VS2012 RC gives the same error. Clang also compiles without error. Based on that I would say that VS is probably wrong, but I think it's a bit of a grey area whether the compiler should want the definition of a type when evaluating operators for which there is an explicit external operator defined, so I would personally err on the side of them being right.

edd, are you sure you're not including ostream or other library by mistake? That library would fix this error.

According to MSDN and cpp.reference.com and even gcc, iosfwd contains only forward declaration, making me believe you're the one who made mistake.

Sources:
http://msdn.microsoft.com/en-us/library/1af12yty%28v=vs.110%29.aspx
http://en.cppreference.com/w/cpp/header
http://gcc.gnu.org/onlinedocs/libstdc++/libstdc++-html-USERS-4.1/group__s27__2__iosfwd.html

According to MSDN and cpp.reference.com and even gcc, iosfwd contains only forward declaration, making me believe you're the one who made mistake.

That's true, but his code doesn't really use anything that requires the definition of the class, so a forward declaration is all that would be necessary for the compiler to evaluate the expressions.

You can replace that code with this:

struct foo { };

class mynonexistentostream;

mynonexistentostream &operator<< (mynonexistentostream& out, const foo &) { return out; }

void format(mynonexistentostream& out, const foo &x) { out << x; }

int main()
{
return 0;
}


and the result is the same; an error on VS and no error on the other compilers, with no headers being included at all.

A compiler needs to evaluate any class member operators and namespace-scoped operators to determine which one to use, but in this case the namespace-scoped operator is clearly the best possible option, so a compiler would be able to evaluate things without having the class definition.

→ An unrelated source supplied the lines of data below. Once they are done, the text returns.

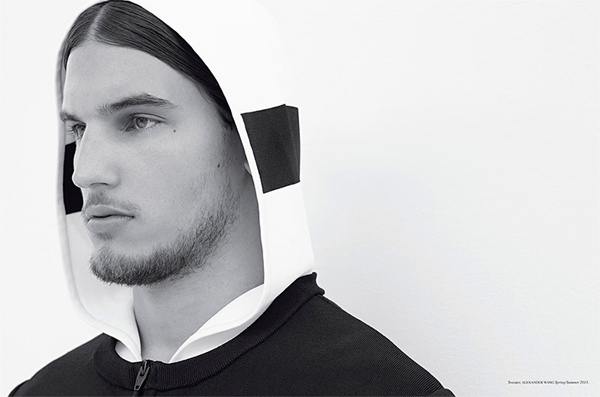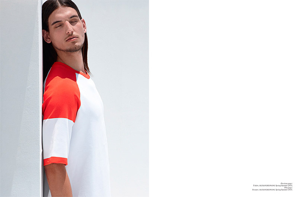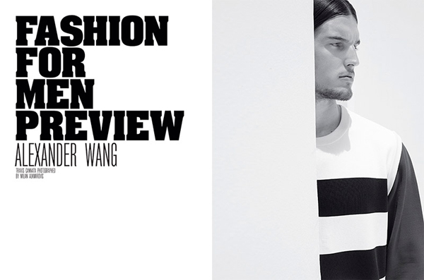 For the latest issue of French magazine Fashion For Men, model Travis Cannata posed for Milan Vukmirovic in pieces from the latest Alexander Wang collection. Take a quick look at the menswear editorial below.
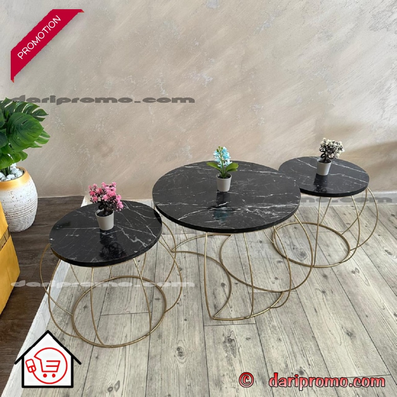 Dimensions : 60*45 cm et (2*) 40*40 cm - Matière : socle en métal et plateau en bois MDF stratifié
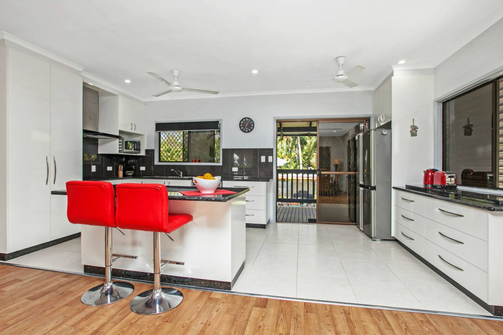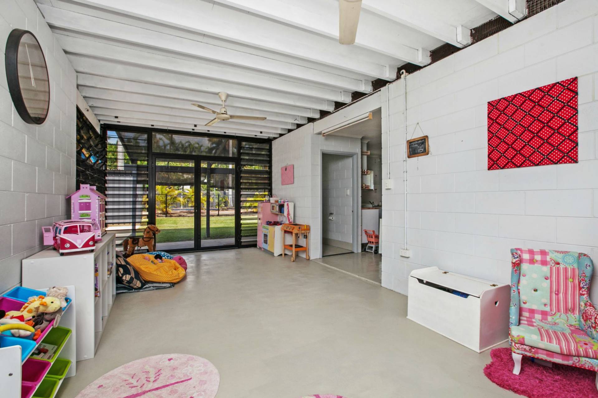 - Downstairs there are French doors and louvre windows – so breezy
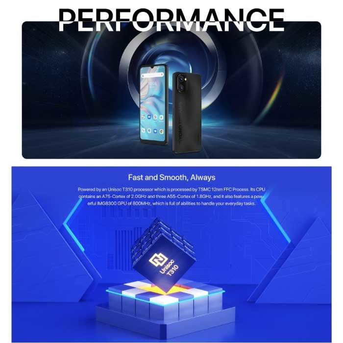 Unisoc T310, cuatro núcleos, 1x Cortex-A75 y 3x Cortex-A55, hasta 2,0 GHz |
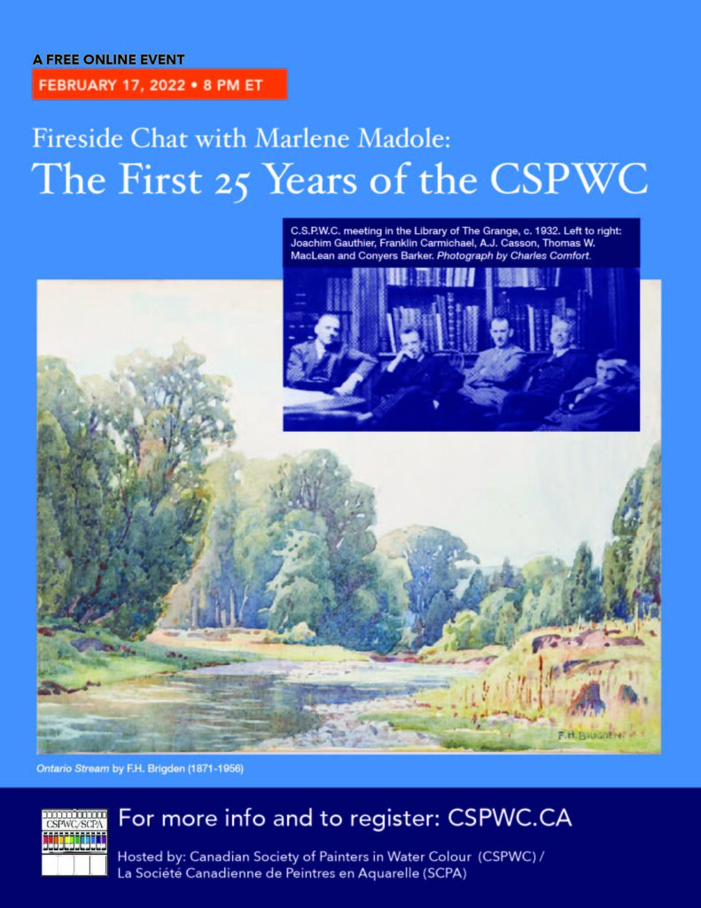 With our growing membership, it’s time for us to revisit our roots and find out how our society came to be. We are pleased to host 1st Vice President, Past-President, Elected Member and resident expert Marlene Madole who will guide us through a deep dive into the past, illuminating the first 25 years of the CSPWC. Tales will include not only the forging of our path to create recognition and community for the fascinating medium of watercolour, but will also include spicy, sordid tales (even fisticuffs). Also featured in the tales of our past will be guest appearances by bonafide Canadian luminaries Emily Carr and David Milne.
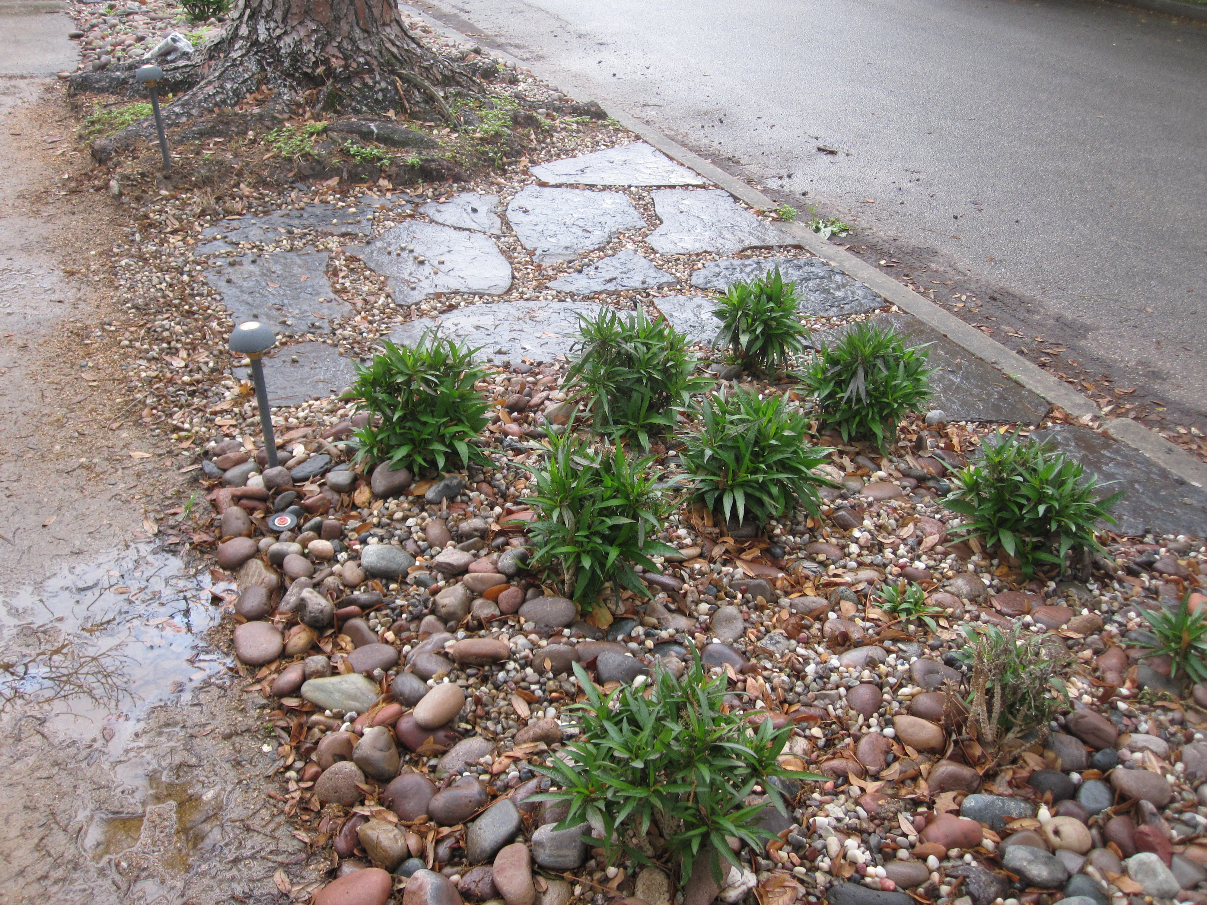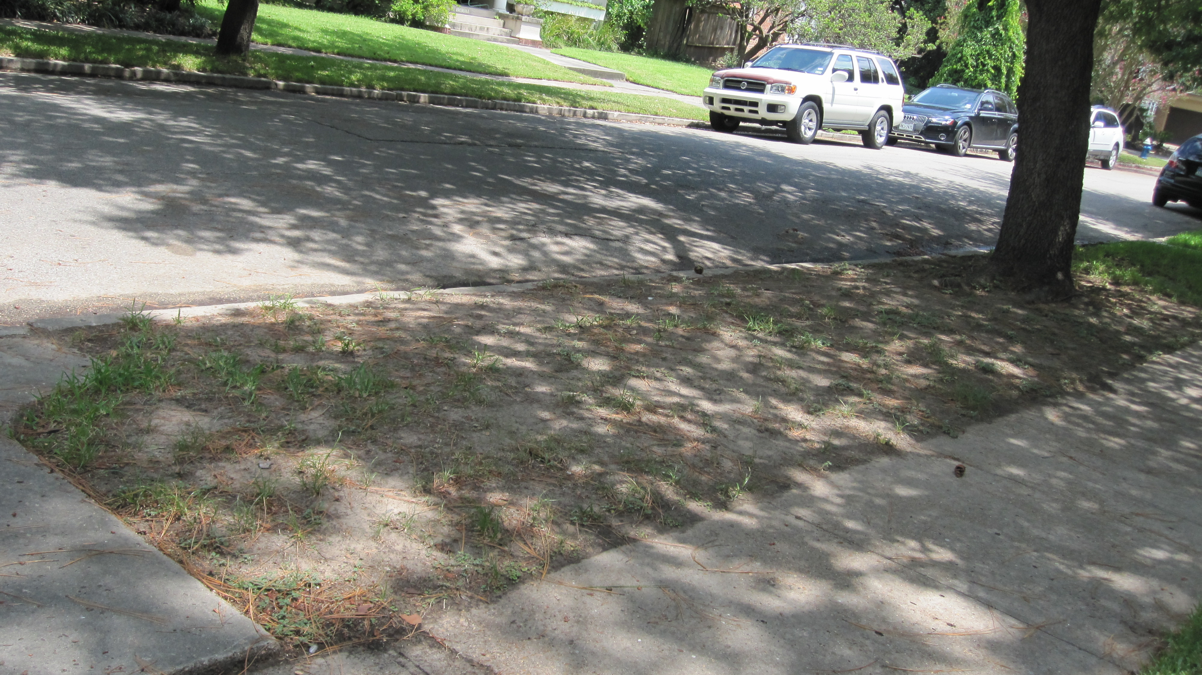 When we first visited this property the Right-of-Way was bare dirt, a few weeds and a tall oak and pine tree flanking each side. The grass had failed during the drought and now the soil was very hard packed. The side walk was broken and lifting up from large roots of the two big trees. The owners wanted a low maintenance solution that would also be interesting to passers by.

Whether a compiler is actually required to do so per the standard I'm not sure about. There's a very good chance that it's not, and both may be technically compliant.

Edit: nevermind, followup coming.

Actually after further investigation, it appears that Visual Studio is patently wrong. The reason for the error is not because of operator resolution issues, it's because of an apparent compiler limitation that does not allow references to undefined types to be returned from a function if they are not assigned. C2027 says that references to undefined types are not allowed, but that is not the case; if their example code is changed to the following it compiles fine:

A& a = CreateA();

It just doesn't work if the return value is unassigned as in their example.

Per section 5.2.2 of the C++ standard, the result type of a function call that returns an lvalue reference is an lvalue, so an incomplete type should be fine.

Since the operator << returns a reference, and it is not being assigned, the same error is being invoked.

A workaround for your code could then be this:

void format(std::ostream &out, const foo &x) { std::ostream& t = out << x; }

which should compile fine.

Update: so, apparently the reason that it doesn't work in VS is because VS is unable to convert an undefined type to type void, and a function with the return value unassigned is equivalent to casting to type void, i.e. (void)CreateA();

The C++ standard states that "Any expression can be explicitly converted to type cv void, in which case it becomes a discarded-value expression."

Therefore VS is wrong and the others are right.